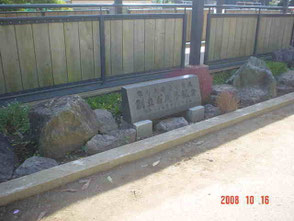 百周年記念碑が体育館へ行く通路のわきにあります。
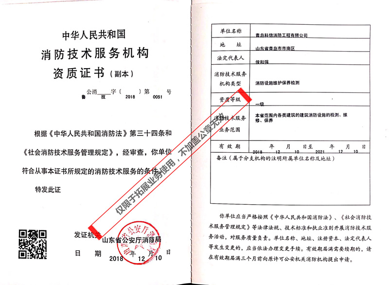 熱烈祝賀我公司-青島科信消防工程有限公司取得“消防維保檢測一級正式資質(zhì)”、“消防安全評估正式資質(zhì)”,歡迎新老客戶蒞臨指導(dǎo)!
========
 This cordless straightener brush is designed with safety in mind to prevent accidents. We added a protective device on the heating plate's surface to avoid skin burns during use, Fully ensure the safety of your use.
========
In the listing above, find the line containing "百周年記念碑が体育館へ行く通路のわきにあります。" and the line containing "熱烈祝賀我公司-青島科信消防", then write out both of them and every line between, exactly, with no pictures.

 百周年記念碑が体育館へ行く通路のわきにあります。
 熱烈祝賀我公司-青島科信消防工程有限公司取得“消防維保檢測一級正式資質(zhì)”、“消防安全評估正式資質(zhì)”,歡迎新老客戶蒞臨指導(dǎo)!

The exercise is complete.